* Listed entries:
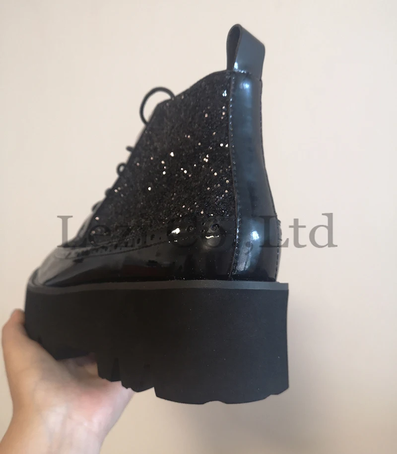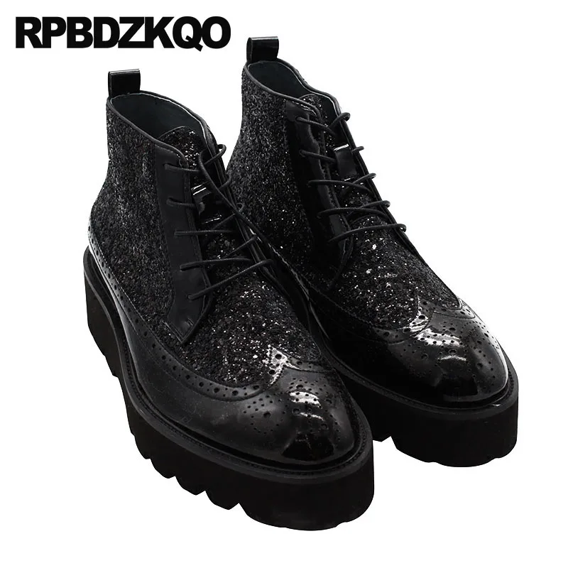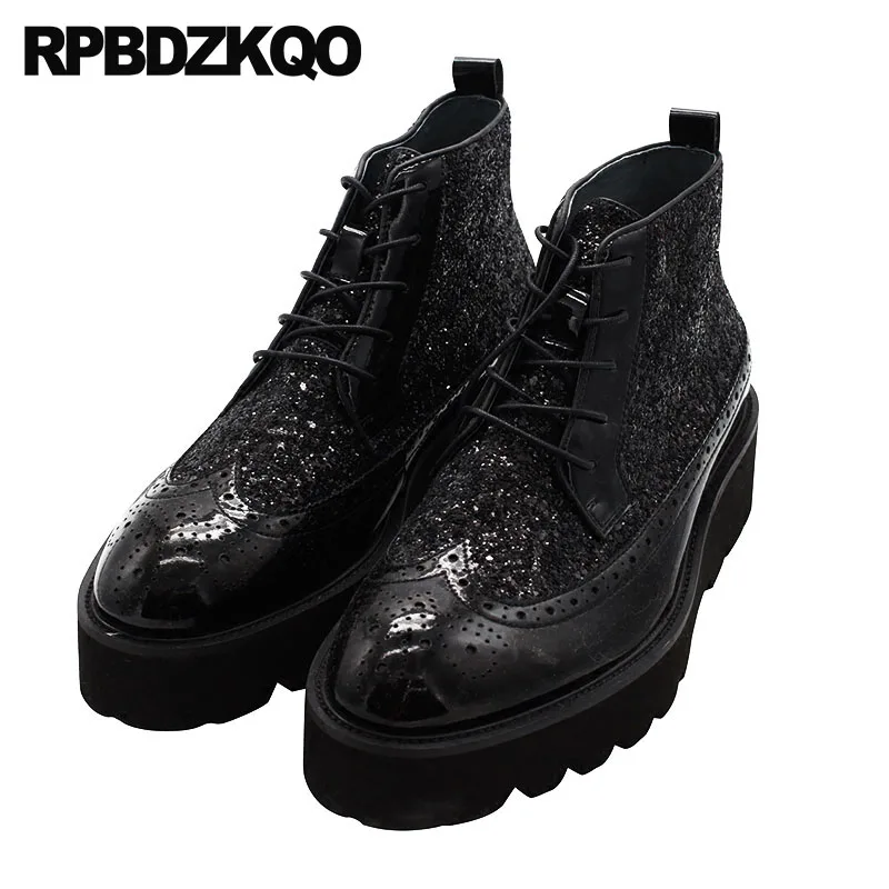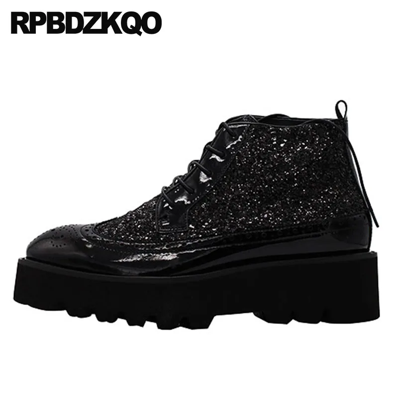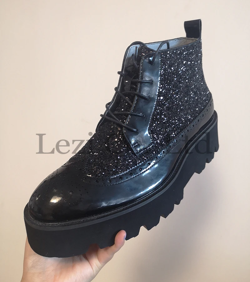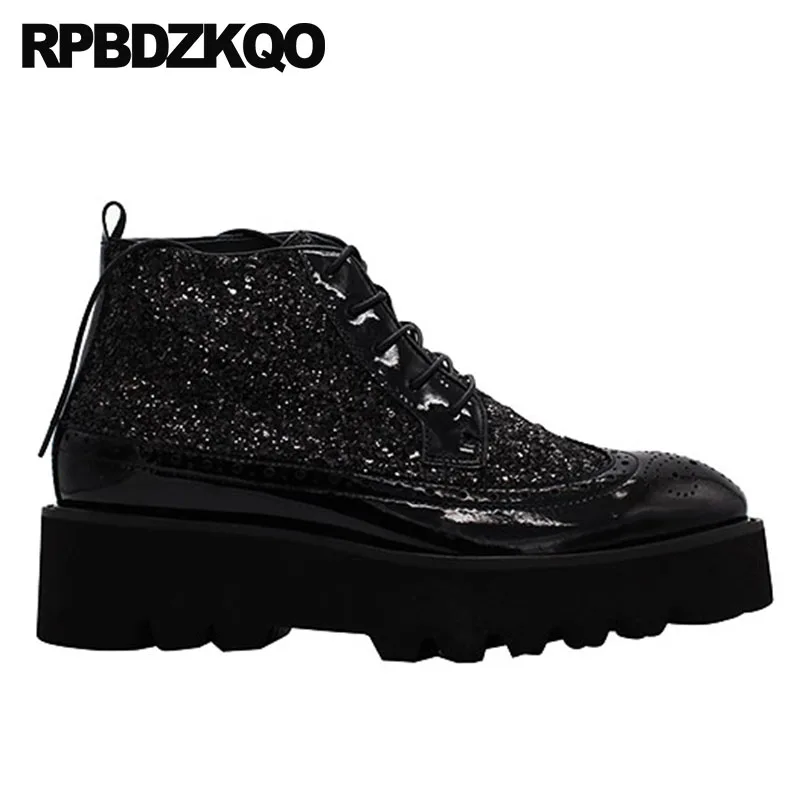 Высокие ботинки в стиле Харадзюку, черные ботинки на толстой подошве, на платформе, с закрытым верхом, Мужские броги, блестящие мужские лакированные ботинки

==

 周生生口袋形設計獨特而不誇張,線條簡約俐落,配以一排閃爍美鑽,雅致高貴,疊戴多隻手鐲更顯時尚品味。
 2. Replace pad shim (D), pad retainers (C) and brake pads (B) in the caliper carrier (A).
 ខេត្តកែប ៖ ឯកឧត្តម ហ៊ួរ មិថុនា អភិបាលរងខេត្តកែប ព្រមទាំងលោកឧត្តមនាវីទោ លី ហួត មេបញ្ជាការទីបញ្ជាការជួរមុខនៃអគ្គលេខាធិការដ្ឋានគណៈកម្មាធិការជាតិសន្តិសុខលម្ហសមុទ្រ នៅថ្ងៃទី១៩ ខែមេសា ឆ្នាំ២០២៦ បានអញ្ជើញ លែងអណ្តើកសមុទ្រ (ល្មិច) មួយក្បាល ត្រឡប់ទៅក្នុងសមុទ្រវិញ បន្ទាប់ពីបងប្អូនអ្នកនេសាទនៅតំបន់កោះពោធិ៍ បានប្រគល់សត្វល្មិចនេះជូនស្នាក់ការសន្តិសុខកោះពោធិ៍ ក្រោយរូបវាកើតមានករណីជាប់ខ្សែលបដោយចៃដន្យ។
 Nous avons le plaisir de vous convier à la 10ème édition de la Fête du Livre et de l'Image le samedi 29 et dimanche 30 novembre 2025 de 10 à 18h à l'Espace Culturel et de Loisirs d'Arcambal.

...

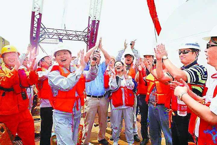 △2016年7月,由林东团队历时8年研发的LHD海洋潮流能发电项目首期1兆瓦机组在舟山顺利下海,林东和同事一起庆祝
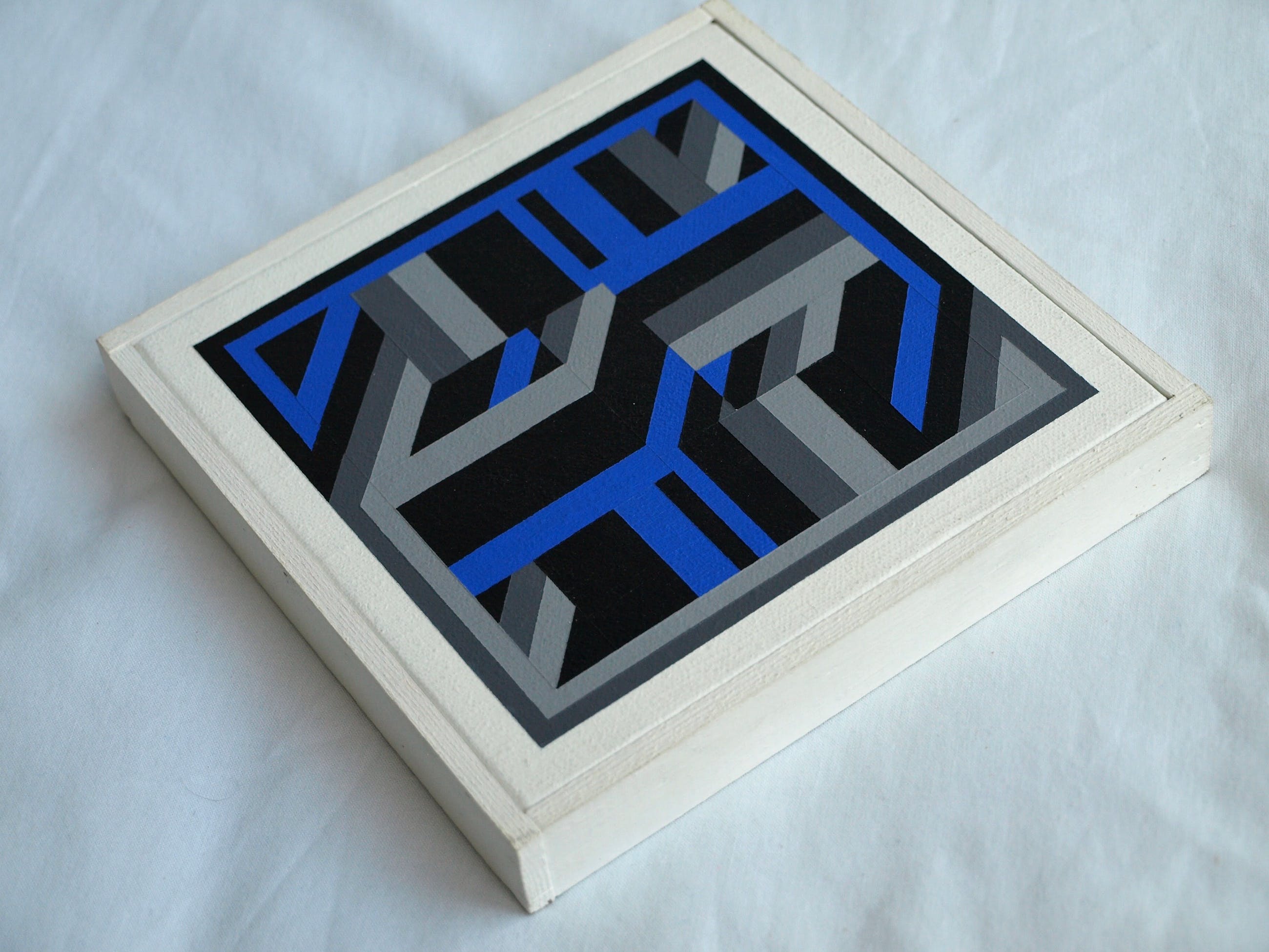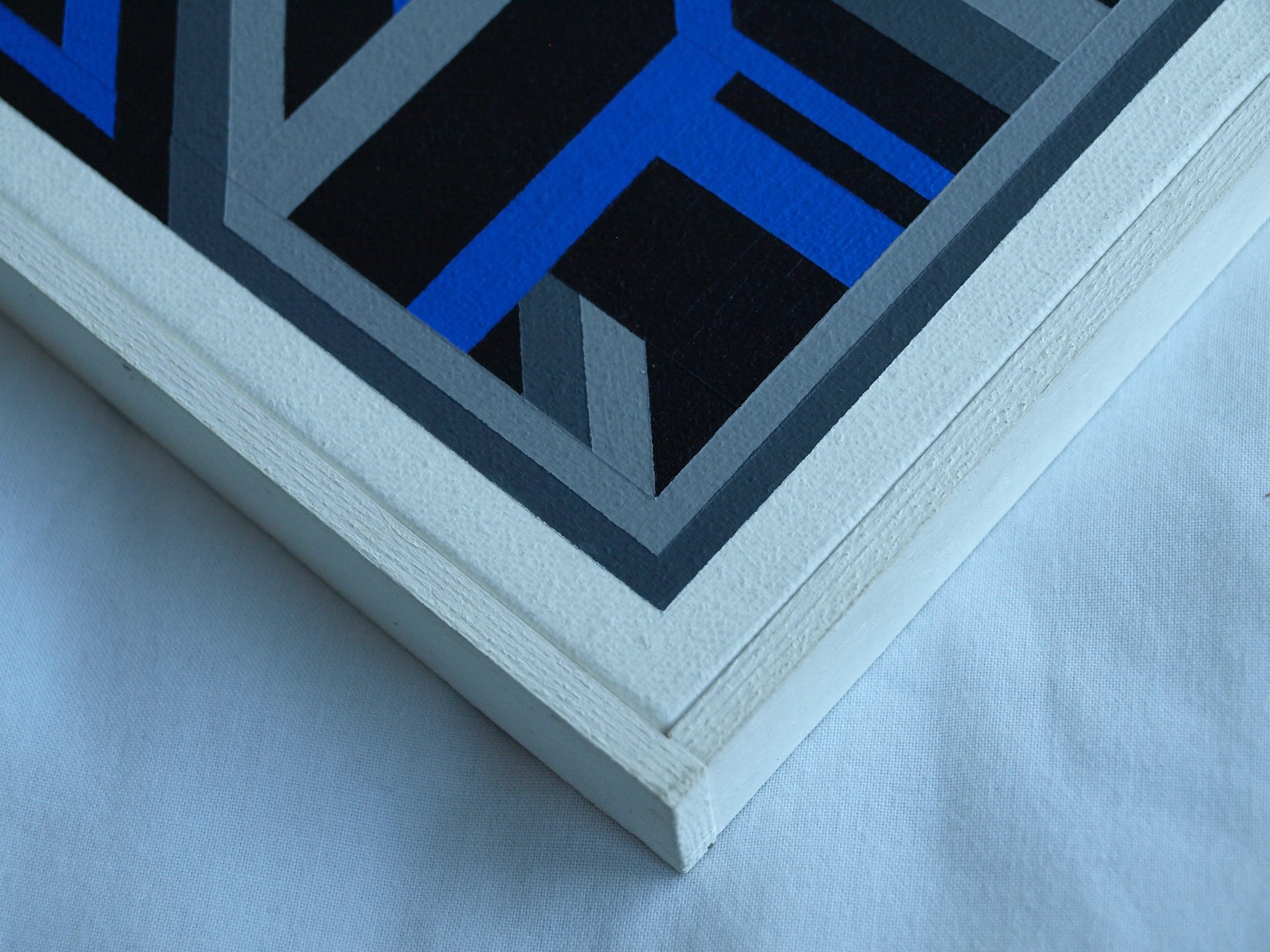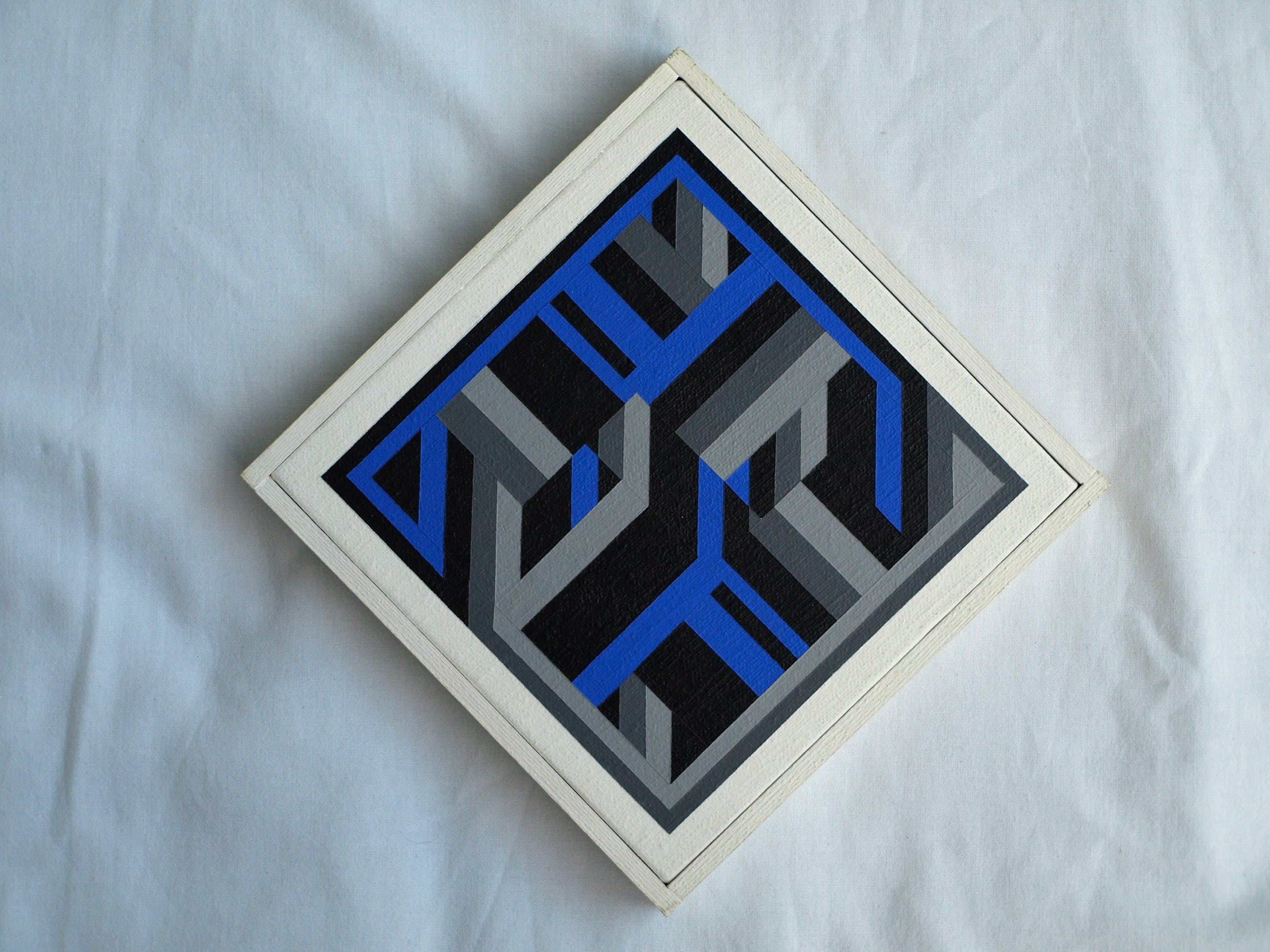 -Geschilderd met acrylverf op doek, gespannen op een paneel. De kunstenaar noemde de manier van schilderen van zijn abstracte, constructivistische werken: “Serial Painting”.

* Work request: Using the data above, extract exactly the lines from the one that holds "ខេត្តកែប ៖ ឯកឧត្តម" to the one that holds "Nous avons le", both ends included, and no others.

* Expected answer:
 ខេត្តកែប ៖ ឯកឧត្តម ហ៊ួរ មិថុនា អភិបាលរងខេត្តកែប ព្រមទាំងលោកឧត្តមនាវីទោ លី ហួត មេបញ្ជាការទីបញ្ជាការជួរមុខនៃអគ្គលេខាធិការដ្ឋានគណៈកម្មាធិការជាតិសន្តិសុខលម្ហសមុទ្រ នៅថ្ងៃទី១៩ ខែមេសា ឆ្នាំ២០២៦ បានអញ្ជើញ លែងអណ្តើកសមុទ្រ (ល្មិច) មួយក្បាល ត្រឡប់ទៅក្នុងសមុទ្រវិញ បន្ទាប់ពីបងប្អូនអ្នកនេសាទនៅតំបន់កោះពោធិ៍ បានប្រគល់សត្វល្មិចនេះជូនស្នាក់ការសន្តិសុខកោះពោធិ៍ ក្រោយរូបវាកើតមានករណីជាប់ខ្សែលបដោយចៃដន្យ។
 Nous avons le plaisir de vous convier à la 10ème édition de la Fête du Livre et de l'Image le samedi 29 et dimanche 30 novembre 2025 de 10 à 18h à l'Espace Culturel et de Loisirs d'Arcambal.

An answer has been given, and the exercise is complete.